Your task: The listing below is to be written out word for word, minus its images.

Supplied data:
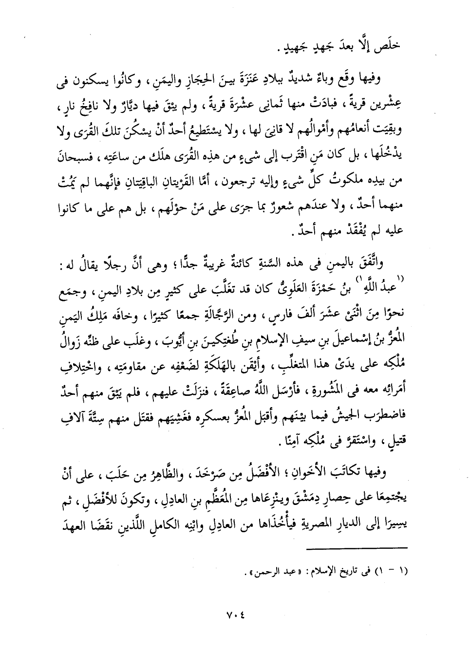 وَفِيهَا وَقَعَ وَبَاءٌ شَدِيدٌ بِبِلَادِ عَنَزَةَ بَيْنَ الْحِجَازِ وَالْيَمَنِ، وَكَانُوا يَسْكُنُونَ فِي عِشْرِينَ قَرْيَةً، فَبَادَتْ مِنْهَا ثَمَانِي عَشْرَةَ قَرْيَةً، وَلَمْ يَبْقَ فِيهَا دَيَّارٌ وَلَا نَافِخُ نَارٍ، وَبَقِيَتْ أَنْعَامُهُمْ وَأَمْوَالُهُمْ لَا قَانِيَ لَهَا، وَلَا يَسْتَطِيعُ أَحَدٌ أَنْ يَسْكُنَ تِلْكَ الْقُرَى وَلَا يَدْخُلَهَا، بَلْ كَانَ مَنِ اقْتَرَبَ إِلَى شَيْءٍ مِنْ هَذِهِ الْقُرَى هَلَكَ مِنْ سَاعَتِهِ، فَسُبْحَانَ مَنْ بِيَدِهِ مَلَكُوتُ كُلِّ شَيْءٍ وَإِلَيْهِ تُرْجِعُونَ، أَمَّا الْقَرْيَتَانِ الْبَاقِيَتَانِ فَإِنَّهُمَا لَمْ يَمُتْ مِنْهُمَا أَحَدٌ وَلَا عِنْدَهُمْ شُعُورٌ بِمَا جَرَى عَلَى مَنْ حَوْلَهُمْ؛ بَلْ هُمْ عَلَى مَا كَانُوا عَلَيْهِ لَمْ يُفْقَدْ مِنْهُمْ أَحَدٌ.
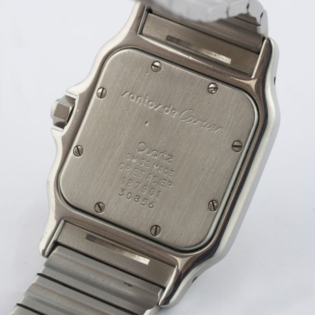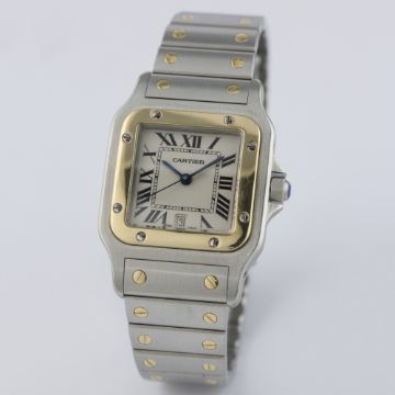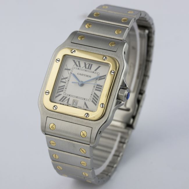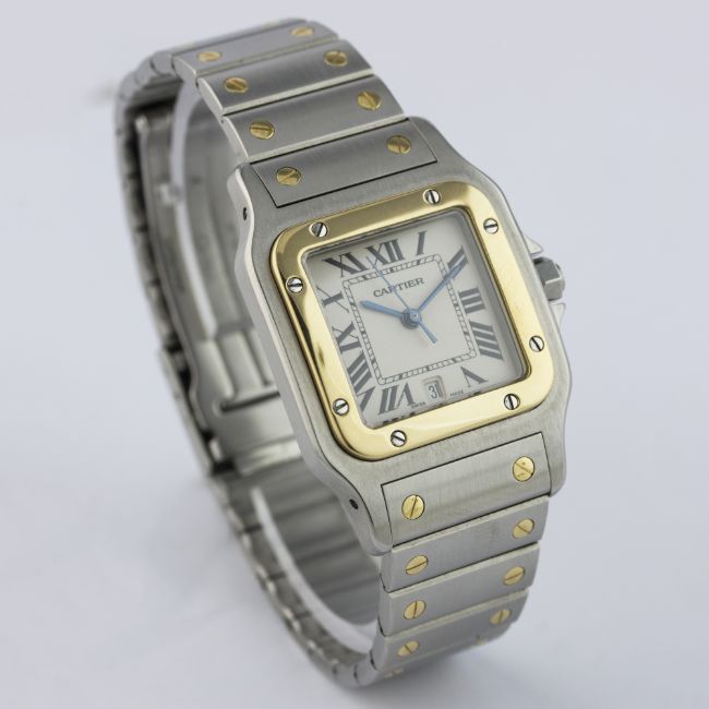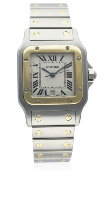 A GENTLEMAN'S STEEL & GOLD CARTIER SANTOS GALBEE BRACELET WATCH CIRCA 1990s, REF. 187901 WITH CARTIER BOX  D: Silver dial with black Roman numerals & inner minute track, secret signature at VII, date aperture. M: Quartz movement signed Cartier. C: Square Santos case with solid gold bezel, signed santos de Cartier & numbered, original sapphire crown, case width measures approx. 29mm. B: Original Cartier steel & solid gold bracelet, comes with 3 additional Cartier leather straps & stainless steel deployment clasp. CONDITION REPORT D: Original dial in excellent condition. M: Working at present. C: In excellent condition, with some light surface scratches due to general use. B: In excellent condition, with some light scratches due to general use. D: Dial / M: Movement / C: Case / S: Strap / B: Bracelet
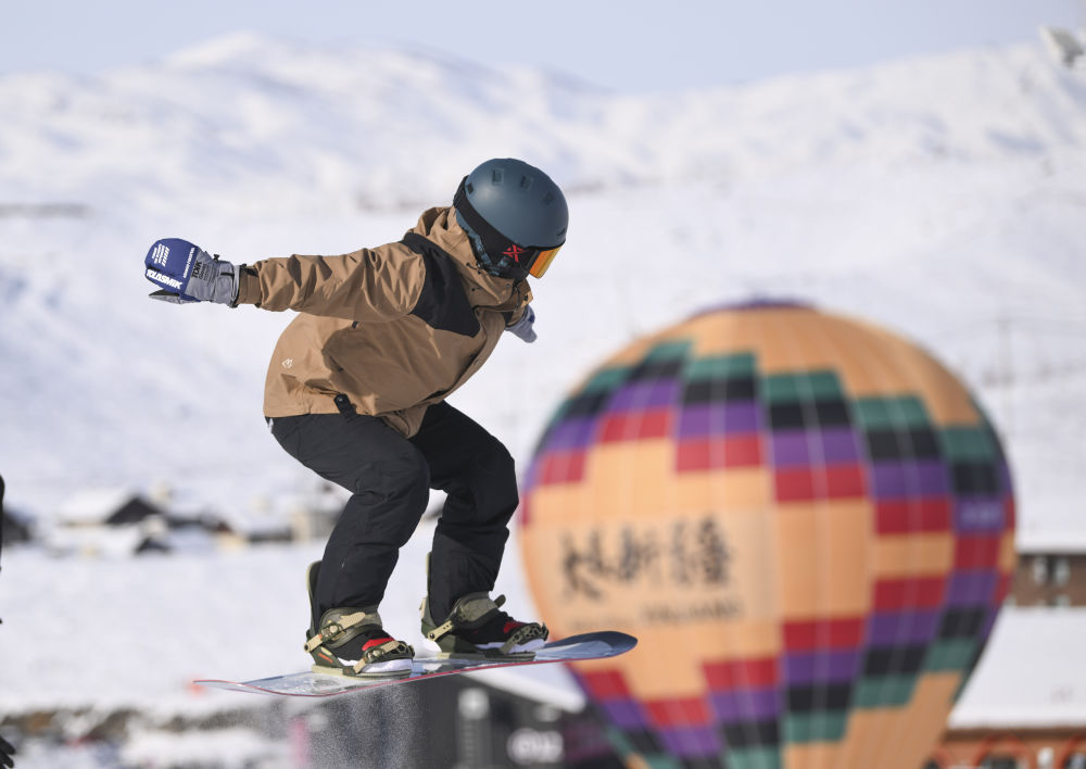 1月25日,游客在将军山国际滑雪度假区乘坐热气球观光。 新华社记者 胡虎虎 摄

Solution to this problem:
 وَفِيهَا وَقَعَ وَبَاءٌ شَدِيدٌ بِبِلَادِ عَنَزَةَ بَيْنَ الْحِجَازِ وَالْيَمَنِ، وَكَانُوا يَسْكُنُونَ فِي عِشْرِينَ قَرْيَةً، فَبَادَتْ مِنْهَا ثَمَانِي عَشْرَةَ قَرْيَةً، وَلَمْ يَبْقَ فِيهَا دَيَّارٌ وَلَا نَافِخُ نَارٍ، وَبَقِيَتْ أَنْعَامُهُمْ وَأَمْوَالُهُمْ لَا قَانِيَ لَهَا، وَلَا يَسْتَطِيعُ أَحَدٌ أَنْ يَسْكُنَ تِلْكَ الْقُرَى وَلَا يَدْخُلَهَا، بَلْ كَانَ مَنِ اقْتَرَبَ إِلَى شَيْءٍ مِنْ هَذِهِ الْقُرَى هَلَكَ مِنْ سَاعَتِهِ، فَسُبْحَانَ مَنْ بِيَدِهِ مَلَكُوتُ كُلِّ شَيْءٍ وَإِلَيْهِ تُرْجِعُونَ، أَمَّا الْقَرْيَتَانِ الْبَاقِيَتَانِ فَإِنَّهُمَا لَمْ يَمُتْ مِنْهُمَا أَحَدٌ وَلَا عِنْدَهُمْ شُعُورٌ بِمَا جَرَى عَلَى مَنْ حَوْلَهُمْ؛ بَلْ هُمْ عَلَى مَا كَانُوا عَلَيْهِ لَمْ يُفْقَدْ مِنْهُمْ أَحَدٌ.
 A GENTLEMAN'S STEEL & GOLD CARTIER SANTOS GALBEE BRACELET WATCH CIRCA 1990s, REF. 187901 WITH CARTIER BOX  D: Silver dial with black Roman numerals & inner minute track, secret signature at VII, date aperture. M: Quartz movement signed Cartier. C: Square Santos case with solid gold bezel, signed santos de Cartier & numbered, original sapphire crown, case width measures approx. 29mm. B: Original Cartier steel & solid gold bracelet, comes with 3 additional Cartier leather straps & stainless steel deployment clasp. CONDITION REPORT D: Original dial in excellent condition. M: Working at present. C: In excellent condition, with some light surface scratches due to general use. B: In excellent condition, with some light scratches due to general use. D: Dial / M: Movement / C: Case / S: Strap / B: Bracelet
 1月25日,游客在将军山国际滑雪度假区乘坐热气球观光。 新华社记者 胡虎虎 摄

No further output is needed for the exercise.